▸ **EXERCISE BRIEF**
Instruction for the data below: set down exactly the lines from the line with "Muzeum Tadeusza Kościuszki" to the line with "Muzeum urządzone z", inclusive, and no others.

▸ **DATA TO USE**

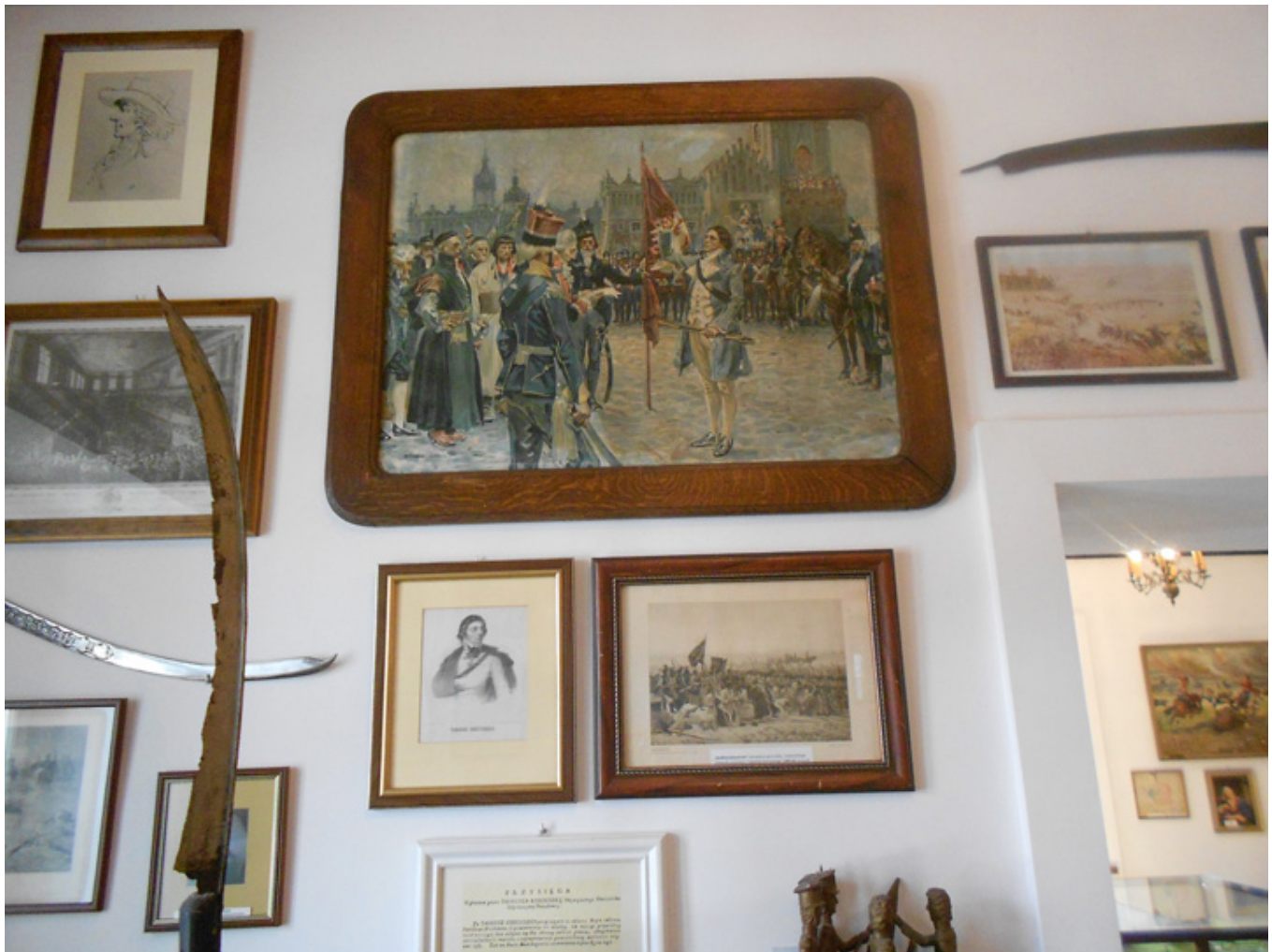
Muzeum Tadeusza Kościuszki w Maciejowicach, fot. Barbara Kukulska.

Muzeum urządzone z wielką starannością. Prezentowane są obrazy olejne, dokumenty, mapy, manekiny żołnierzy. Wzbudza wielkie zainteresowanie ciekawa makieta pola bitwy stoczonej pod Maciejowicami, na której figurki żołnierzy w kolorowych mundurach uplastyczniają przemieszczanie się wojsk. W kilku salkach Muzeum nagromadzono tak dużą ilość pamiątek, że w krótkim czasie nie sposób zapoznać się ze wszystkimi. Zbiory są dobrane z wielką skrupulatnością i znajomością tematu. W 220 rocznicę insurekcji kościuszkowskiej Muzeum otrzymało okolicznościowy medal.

...

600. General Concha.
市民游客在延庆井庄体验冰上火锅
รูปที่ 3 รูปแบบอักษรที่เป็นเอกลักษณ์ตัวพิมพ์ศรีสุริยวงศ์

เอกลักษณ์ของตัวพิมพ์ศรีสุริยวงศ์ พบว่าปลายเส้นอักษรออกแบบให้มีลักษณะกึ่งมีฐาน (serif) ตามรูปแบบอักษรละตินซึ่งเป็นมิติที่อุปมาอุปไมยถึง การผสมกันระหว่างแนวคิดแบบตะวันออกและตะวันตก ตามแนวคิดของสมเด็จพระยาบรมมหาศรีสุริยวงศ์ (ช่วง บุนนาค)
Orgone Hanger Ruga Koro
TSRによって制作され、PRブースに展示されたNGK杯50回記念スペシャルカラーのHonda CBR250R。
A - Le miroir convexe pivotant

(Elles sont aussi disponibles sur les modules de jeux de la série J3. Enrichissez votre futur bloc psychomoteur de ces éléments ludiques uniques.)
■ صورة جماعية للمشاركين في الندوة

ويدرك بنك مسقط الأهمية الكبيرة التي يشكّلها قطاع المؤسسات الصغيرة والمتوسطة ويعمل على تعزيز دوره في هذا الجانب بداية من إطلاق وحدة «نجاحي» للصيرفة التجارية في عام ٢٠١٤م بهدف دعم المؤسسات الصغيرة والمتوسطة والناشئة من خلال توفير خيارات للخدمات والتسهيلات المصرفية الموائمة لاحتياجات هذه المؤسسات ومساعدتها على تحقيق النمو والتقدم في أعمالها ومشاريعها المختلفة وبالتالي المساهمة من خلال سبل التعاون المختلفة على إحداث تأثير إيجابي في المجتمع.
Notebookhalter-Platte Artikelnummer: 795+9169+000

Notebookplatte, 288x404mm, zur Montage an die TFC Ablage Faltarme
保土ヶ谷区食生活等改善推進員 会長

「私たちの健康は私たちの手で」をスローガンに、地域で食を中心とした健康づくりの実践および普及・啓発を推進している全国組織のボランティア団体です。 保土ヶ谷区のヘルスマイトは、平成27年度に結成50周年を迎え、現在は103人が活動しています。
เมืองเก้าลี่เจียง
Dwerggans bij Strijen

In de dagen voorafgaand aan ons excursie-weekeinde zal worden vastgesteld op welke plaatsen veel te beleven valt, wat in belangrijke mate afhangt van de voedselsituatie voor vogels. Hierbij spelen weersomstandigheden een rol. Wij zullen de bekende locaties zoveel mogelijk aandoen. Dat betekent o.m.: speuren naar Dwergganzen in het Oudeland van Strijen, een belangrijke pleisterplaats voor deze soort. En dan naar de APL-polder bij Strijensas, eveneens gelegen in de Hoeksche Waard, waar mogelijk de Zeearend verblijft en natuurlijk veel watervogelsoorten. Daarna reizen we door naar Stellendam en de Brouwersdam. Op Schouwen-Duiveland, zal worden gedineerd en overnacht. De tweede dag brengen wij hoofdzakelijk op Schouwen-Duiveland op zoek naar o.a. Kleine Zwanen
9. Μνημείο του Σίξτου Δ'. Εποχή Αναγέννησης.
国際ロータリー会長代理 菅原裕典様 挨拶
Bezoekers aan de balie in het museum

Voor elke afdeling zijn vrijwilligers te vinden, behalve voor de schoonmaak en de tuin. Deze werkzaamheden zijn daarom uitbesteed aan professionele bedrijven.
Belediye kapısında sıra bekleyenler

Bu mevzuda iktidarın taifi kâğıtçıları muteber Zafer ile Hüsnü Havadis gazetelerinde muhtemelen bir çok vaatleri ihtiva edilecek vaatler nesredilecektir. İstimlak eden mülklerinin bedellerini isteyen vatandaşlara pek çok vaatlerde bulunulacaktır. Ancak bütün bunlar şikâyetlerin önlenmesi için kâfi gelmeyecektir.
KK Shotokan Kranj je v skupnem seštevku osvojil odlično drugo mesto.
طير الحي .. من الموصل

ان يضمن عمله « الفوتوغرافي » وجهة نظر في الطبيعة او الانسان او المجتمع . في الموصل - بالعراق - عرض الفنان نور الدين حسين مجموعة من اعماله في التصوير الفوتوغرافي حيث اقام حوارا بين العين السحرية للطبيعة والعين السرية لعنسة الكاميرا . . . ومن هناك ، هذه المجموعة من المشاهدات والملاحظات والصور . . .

--

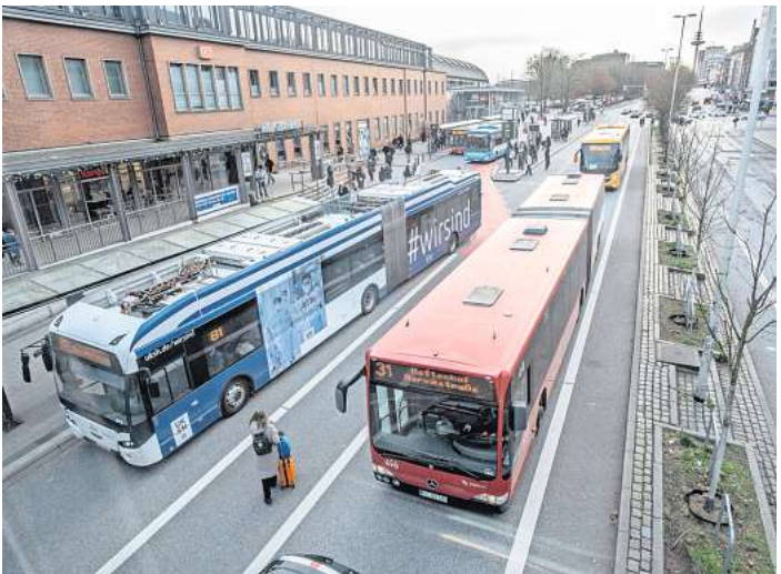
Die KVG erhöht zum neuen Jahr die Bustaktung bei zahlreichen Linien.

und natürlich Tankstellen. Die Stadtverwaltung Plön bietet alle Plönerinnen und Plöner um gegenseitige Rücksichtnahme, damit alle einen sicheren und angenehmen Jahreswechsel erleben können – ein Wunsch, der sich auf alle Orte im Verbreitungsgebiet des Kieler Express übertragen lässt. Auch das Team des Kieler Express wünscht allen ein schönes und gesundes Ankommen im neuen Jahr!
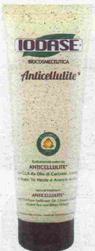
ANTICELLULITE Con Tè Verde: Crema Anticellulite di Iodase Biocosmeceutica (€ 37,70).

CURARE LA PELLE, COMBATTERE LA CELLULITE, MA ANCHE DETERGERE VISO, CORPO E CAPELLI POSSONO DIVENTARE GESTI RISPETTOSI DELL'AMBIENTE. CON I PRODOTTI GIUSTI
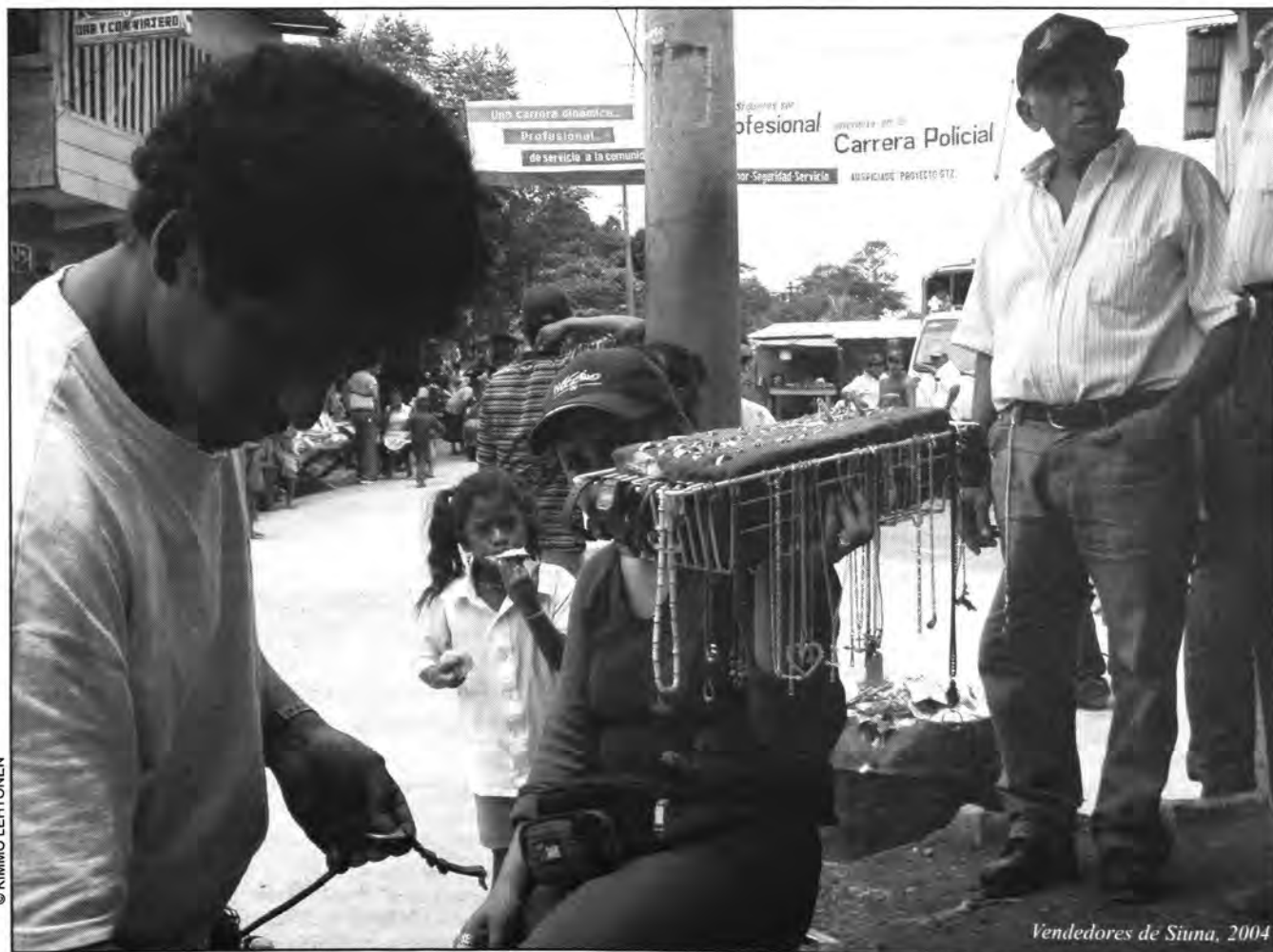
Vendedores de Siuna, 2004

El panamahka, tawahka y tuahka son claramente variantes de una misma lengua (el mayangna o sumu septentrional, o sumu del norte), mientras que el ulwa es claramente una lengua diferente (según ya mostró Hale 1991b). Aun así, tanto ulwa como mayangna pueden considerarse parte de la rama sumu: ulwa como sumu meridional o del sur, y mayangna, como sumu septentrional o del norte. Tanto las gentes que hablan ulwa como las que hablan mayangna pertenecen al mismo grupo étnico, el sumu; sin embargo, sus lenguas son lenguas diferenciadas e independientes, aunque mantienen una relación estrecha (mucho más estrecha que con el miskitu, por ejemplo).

▸ **REPLY TO THE EXERCISE**
Muzeum Tadeusza Kościuszki w Maciejowicach, fot. Barbara Kukulska.

Muzeum urządzone z wielką starannością. Prezentowane są obrazy olejne, dokumenty, mapy, manekiny żołnierzy. Wzbudza wielkie zainteresowanie ciekawa makieta pola bitwy stoczonej pod Maciejowicami, na której figurki żołnierzy w kolorowych mundurach uplastyczniają przemieszczanie się wojsk. W kilku salkach Muzeum nagromadzono tak dużą ilość pamiątek, że w krótkim czasie nie sposób zapoznać się ze wszystkimi. Zbiory są dobrane z wielką skrupulatnością i znajomością tematu. W 220 rocznicę insurekcji kościuszkowskiej Muzeum otrzymało okolicznościowy medal.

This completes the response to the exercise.